Why Is SEZL Not Exciting?
- Negative return on equity shows that some of its growth strategies have backfired
Sezzle is trading at $56.53 per share, or 13.6x forward P/E. Check out our free in-depth research report to learn more about why SEZL doesn’t pass our bar.
Two Stocks to Buy:
Coinbase (COIN)
Consensus Price Target: $385.27 (26.3% implied return)
Widely regarded as the face of crypto, Coinbase (NASDAQ: COIN) is a blockchain infrastructure company updating the financial system with its trading, staking, stablecoin, and other payment solutions.
Why Will COIN Beat the Market?
- Monthly Transacting Users have grown by 11.7% annually, allowing for more profitable cross-selling opportunities if it can build complementary products and features
- Platform’s growing usage and its ability to increase user spending by 55% annually showcases its high switching costs
- Earnings per share grew by 132% annually over the last two years, massively outpacing its peers
At $305.01 per share, Coinbase trades at 25.7x forward EV/EBITDA. Is now a good time to buy?

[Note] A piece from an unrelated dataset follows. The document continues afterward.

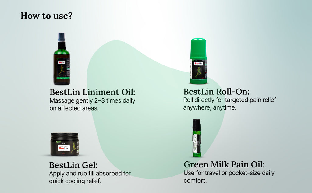 Regular use of ayurvedic pain relief oil, pain relief gel and pain roll-on helps manage joint pain, knee stiffness and muscle discomfort naturally. This combo works as a daily pain management solution for those searching for the best ayurvedic oil for knee pain.
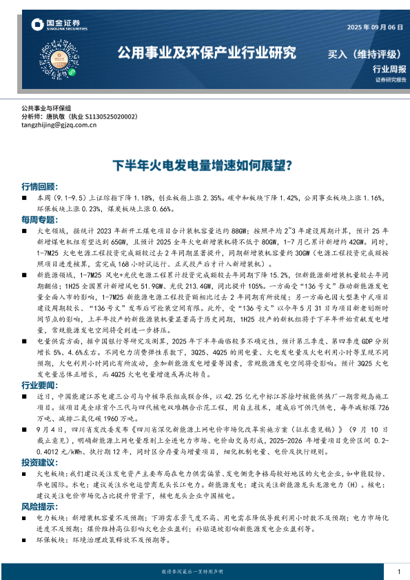【国金证券】【202509】20250906-国金证券-公用事业及环保产业行业周报-16页

See for yourself in our in-depth research report, it’s free for active Edge members.
Blackstone (BX)
Consensus Price Target: $180.33 (24.4% implied return)
With over $1 trillion in assets under management and investments spanning real estate, private equity, credit, and hedge funds, Blackstone (NYSE: BX) is a global alternative asset manager that invests capital on behalf of pension funds, sovereign wealth funds, and other institutional investors.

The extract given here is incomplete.